Lookout, the mobile security company, has announced its Mobile App Advertising Guidelines: A Framework for Encouraging Innovation While Protecting Privacy. The Guidelines provide a framework to help app developers and ad providers (e.g. ad networks and ad exchanges) to "understand how they can explore new ad display techniques and access personal information while adhering to strong mobile privacy and user choice principles."Or what?
Or, Lookout will label those companies as adware due to their "reckless mobile ad practices." Lookout Chief Technology Officer Kevin Mahaffey told CNet "I think there are a lot of unknowns about what is acceptable behavior…. We want to fix this problem before it gets so big that it needs regulation."
As the company observes, a number of mobile ad providers have adopted aggressive behavior over the last year, including pushing out-of-app ads, changing browser and desktop settings, and accessing personally identifiable information without suitable notification or transparency. Based on Lookout’s analysis, more than 5% of free apps have included aggressive ad networks, affecting millions of increasingly annoyed people.
"People want to have confidence and trust that they’re not being compromised while on devices that have access to their most personal information," said Jules Polonetsky, Director and Co-Chair of the Future of Privacy Forum. "For many years, desktop users were plagued with programs that triggered pop-ups, added unwanted toolbars, and changed homepages. These guidelines make it clear, while mobile marketing business models and practices are still developing, some practices are out-of-bounds. That’s good news for both consumers and responsible businesses."
By equipping mobile advertisers and developers with clear privacy and user experience guidelines, Lookout claims to enable growth and innovation in mobile advertising, while protecting user privacy and increasing the trustworthiness of ads.
“Mobile has become the dominant computing platform in an incredibly short amount of time, changing the lives of people around the world and creating a booming economy for businesses and app developers. In order for these great benefits to continue, everyone in the mobile ecosystem must respect individual privacy choices and hold user experience in the highest regard,” said Mahaffey.

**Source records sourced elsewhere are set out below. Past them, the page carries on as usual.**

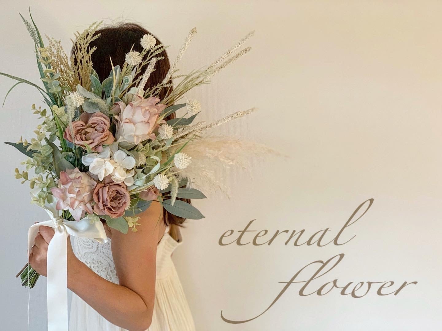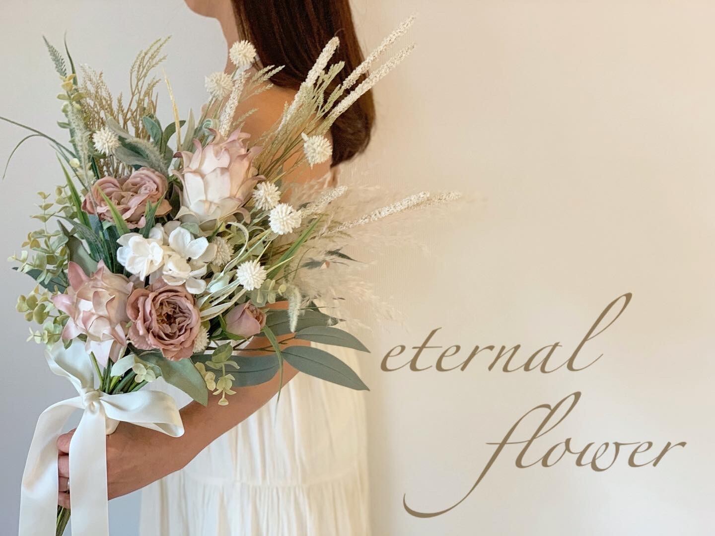 (アーティフィシャルフラワーを使用しているため、挙式後にも劣化することなくインテリアとしてもお使いいただけます)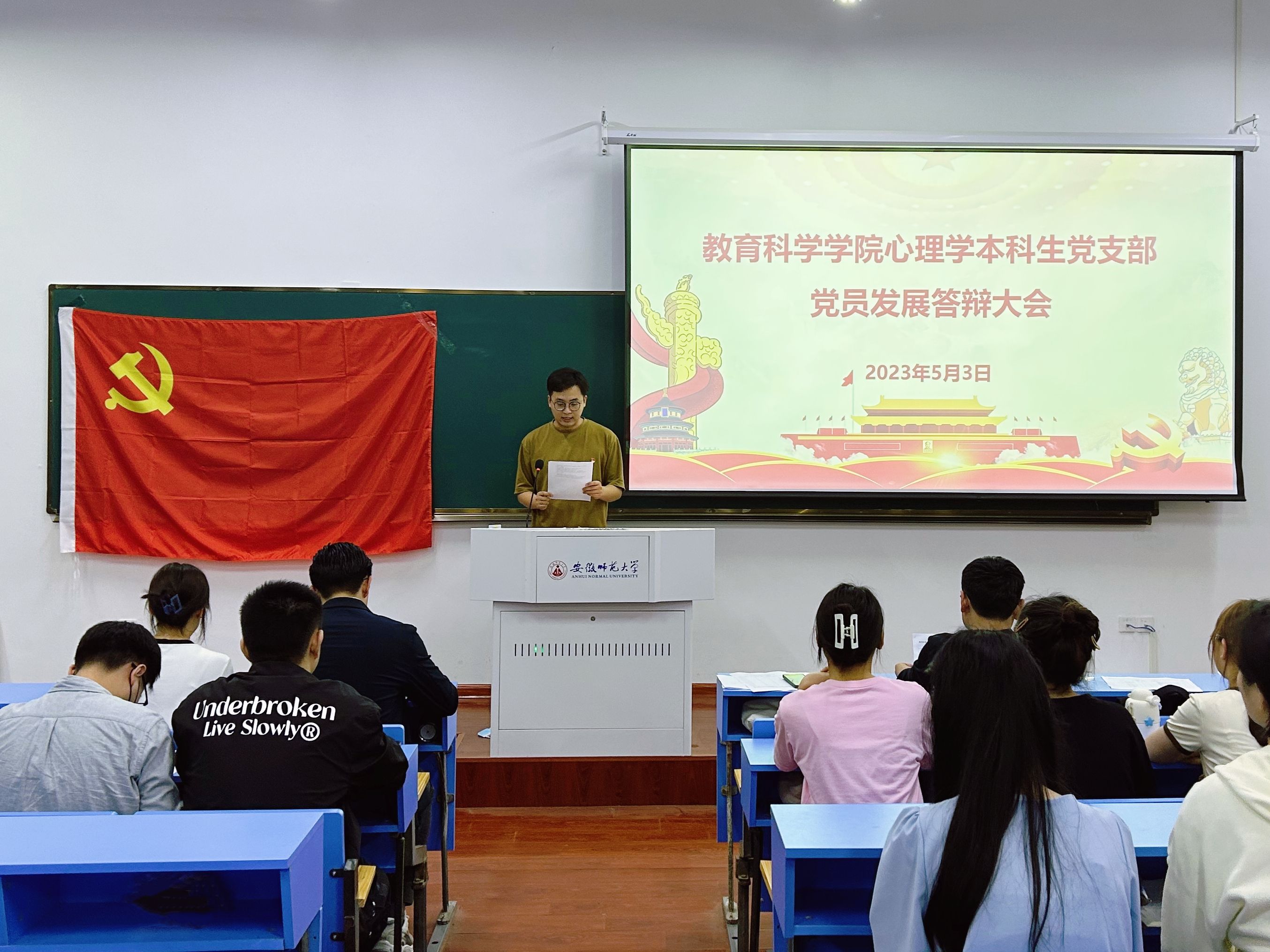 为确保党员发展质量,考察拟发展对象的理论素养和综合素质,2023年5月3日晚,TapTap点点心理学本科生党支部于教学楼1108教室召开了2023年上半年党员发展答辩大会。TapTap点点副经理韩建涛、心理学本科生党支部书记张理强、支部组织委员程啸,以及2019级辅导员濮楠楠组成答辩委员会,支部全体员工党员、入党积极分子参与了现场评议工作。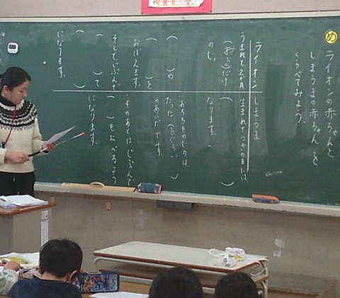 1組の国語では,動物のあかちゃんについて学習していました。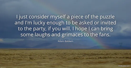 Baldwin, Adam. "I just consider myself a piece of the puzzle and I'm lucky enough to be asked or invited to the party, if you will. I hope I can bring some laughs and grimaces to the fans." FixQuotes. January 15, 2026. https://fixquotes.com/quotes/i-just-consider-myself-a-piece-of-the-puzzle-and-157625/.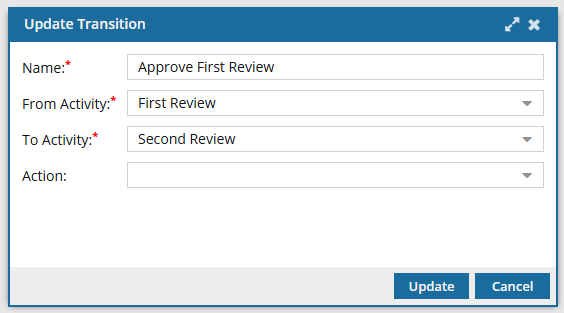 In Action, you can identify a process that is completed outside of Inspire, such as Hire a copy editor. You can also use an Action to specify something a user should do after Inspire completes the transition, such as Take a snapshot.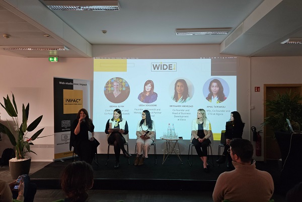 Following her introduction, Marina Andrieu invited the panellists up to the stage. These were: Genna Elvin, Chief Tada Officer and co-founder of Tadaweb; Reyhaneh Niknejad, co-founder and Head of Business Development at Elora; Amal Tawakuli, co-founder and CTO at Algora; Leesa Soulodre, founder of Planet43 and Managing General Partner at R3i Capital.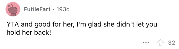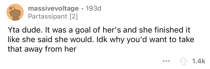 "You really expected her to just abandon her dream now that it was in front of her?"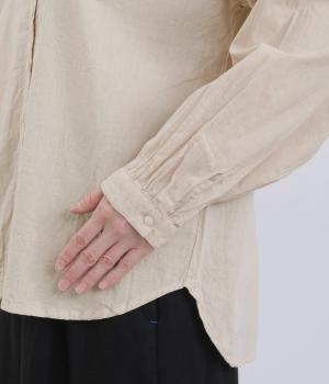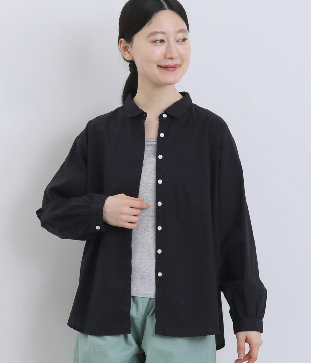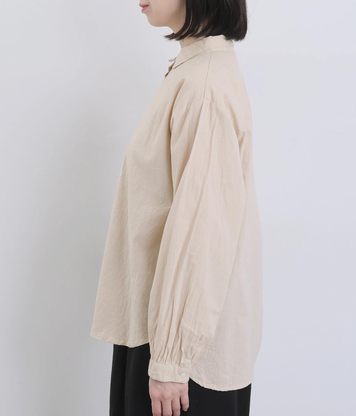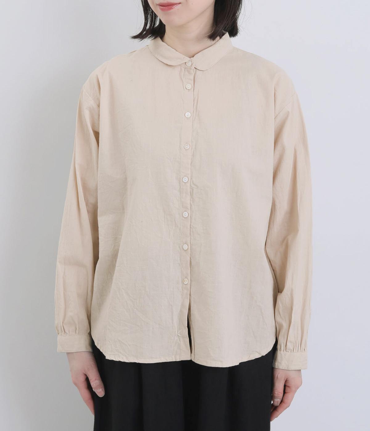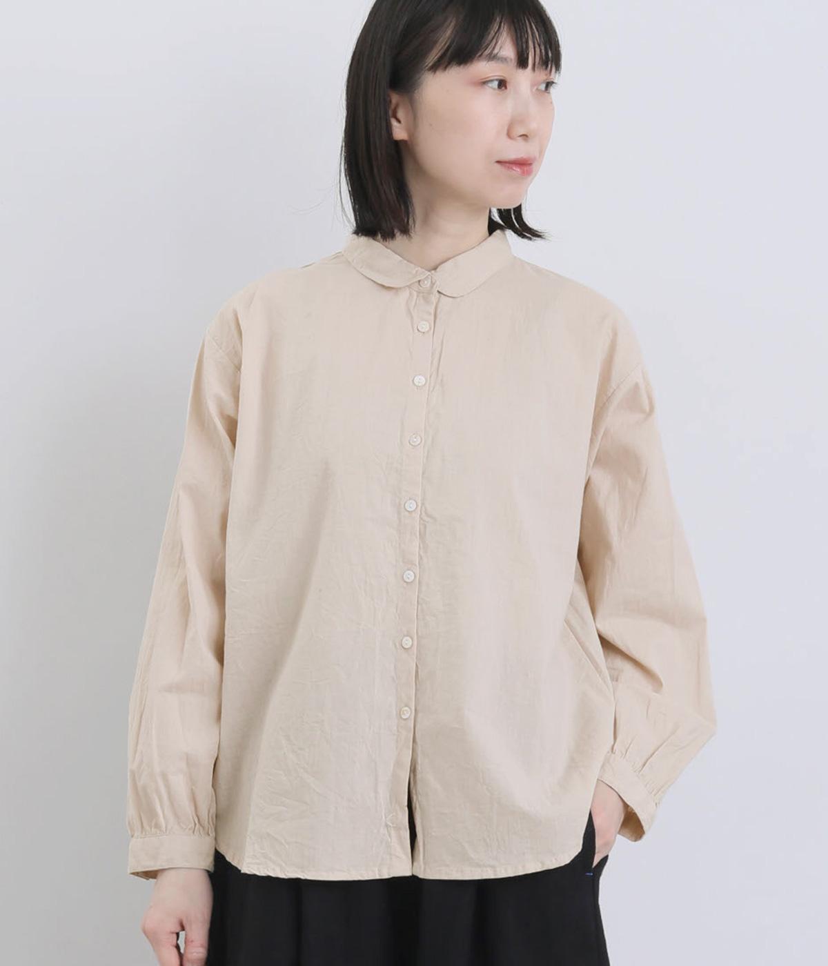 シンプルで着まわしやすいレギュラーシャツを、ほどよくフィットするサイズ感で仕立てました。丸みのある襟元と袖口に寄せたギャザーがやさしい表情を添え、女性らしい印象に。インナーとして重ねるのはもちろん、前をあけて羽織りとしてもたのしめる、着まわしに活躍する一枚です。

These guidelines include the following requirements for ad providers:
- Provide comprehensive, readable privacy policies and related FAQs to their app publishing partners, making educated integration easier for app developers.
- Provide a conspicuous opt-in or opt-out for users within the mobile app if the ad network intends to access personal information like phone number, email, and name.
- Provide clear attribution to the host application for ads that appear out-of-app. In addition, ad providers that modify browser settings or add an icon to the mobile desktop must provide a readily available and actionable opt-in / opt-out mechanism to users before such behavior is triggered.
- Move away from using permanent, unchangeable device identifiers and move towards using independent and/or temporal device identifiers that provide the same level of functionality with respect to targeted advertising.
- Do not collect device identifiers that are tied to mobile subscriber identities, unless the collection of such identifiers enables a demonstrable feature or service for the user.
- Securely transport personal information, including device identifier data and personal information.